START RECORDED INFORMATION

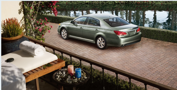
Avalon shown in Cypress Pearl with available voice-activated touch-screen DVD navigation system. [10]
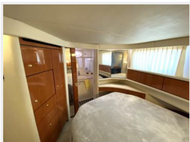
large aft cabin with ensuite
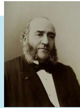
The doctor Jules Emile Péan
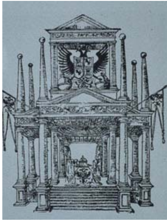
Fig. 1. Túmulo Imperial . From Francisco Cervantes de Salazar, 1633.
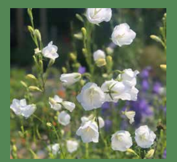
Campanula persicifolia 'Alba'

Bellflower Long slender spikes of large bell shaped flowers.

END RECORDED INFORMATION
START RECORDED INFORMATION

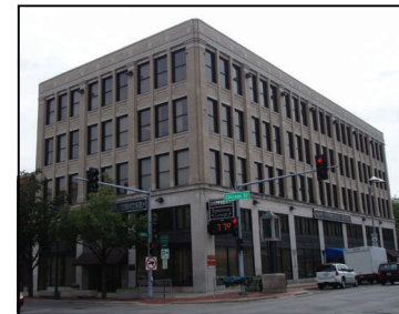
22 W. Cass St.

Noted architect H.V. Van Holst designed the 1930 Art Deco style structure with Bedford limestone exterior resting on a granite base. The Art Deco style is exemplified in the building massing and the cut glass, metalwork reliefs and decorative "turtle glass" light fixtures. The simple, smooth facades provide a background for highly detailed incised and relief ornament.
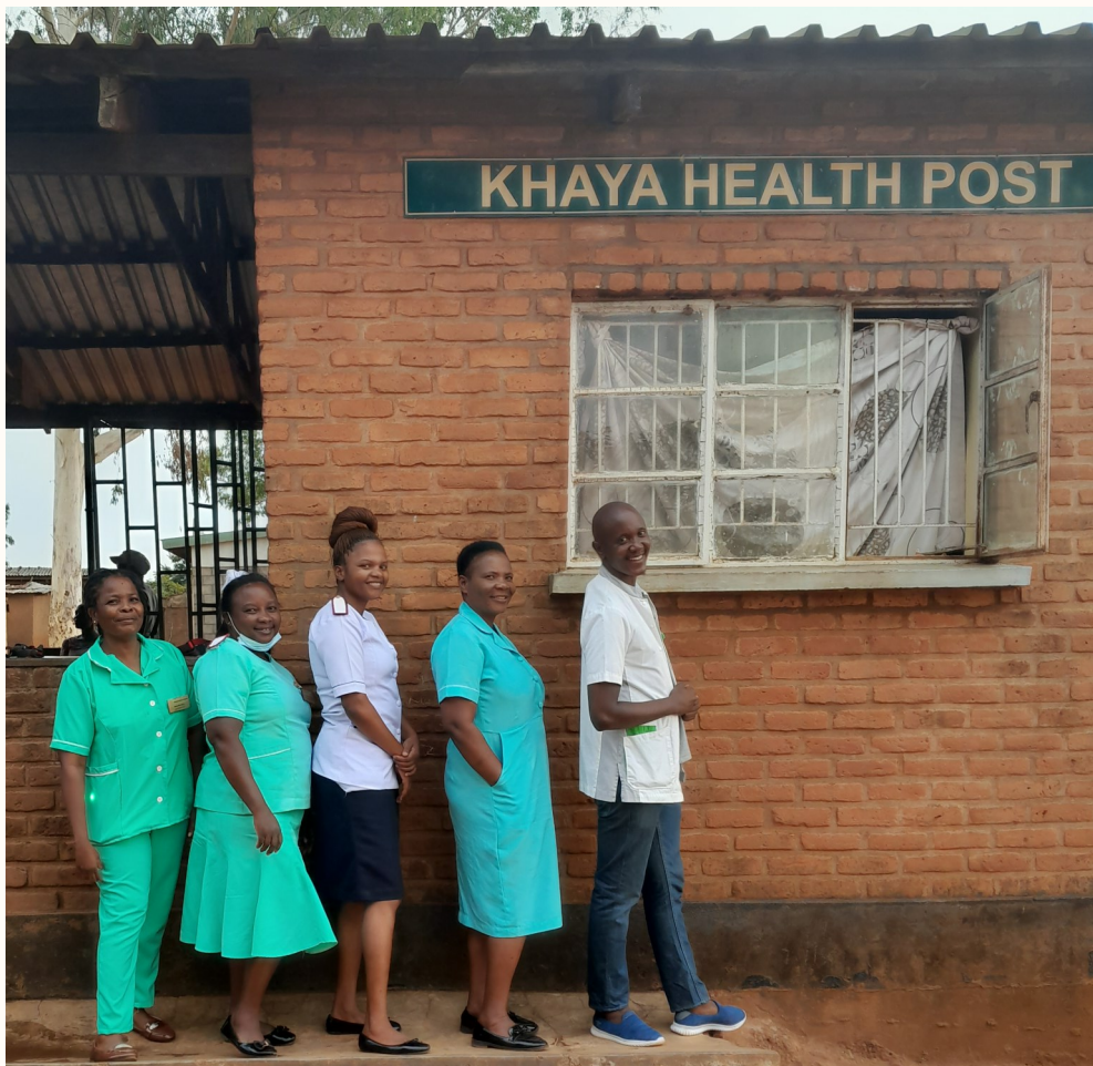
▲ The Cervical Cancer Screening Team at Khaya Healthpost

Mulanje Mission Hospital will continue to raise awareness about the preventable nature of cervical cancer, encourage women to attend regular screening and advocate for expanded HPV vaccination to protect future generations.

END RECORDED INFORMATION
START RECORDED INFORMATION

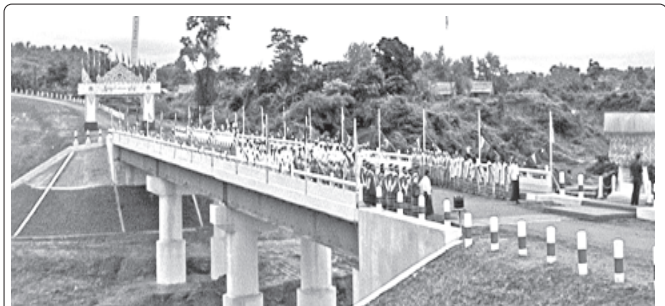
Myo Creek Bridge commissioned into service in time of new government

END RECORDED INFORMATION

▶ THE PROBLEM: Looking at the records above, how many lines contain "large"? Only the number is needed.

▶ TASK RESULT: 2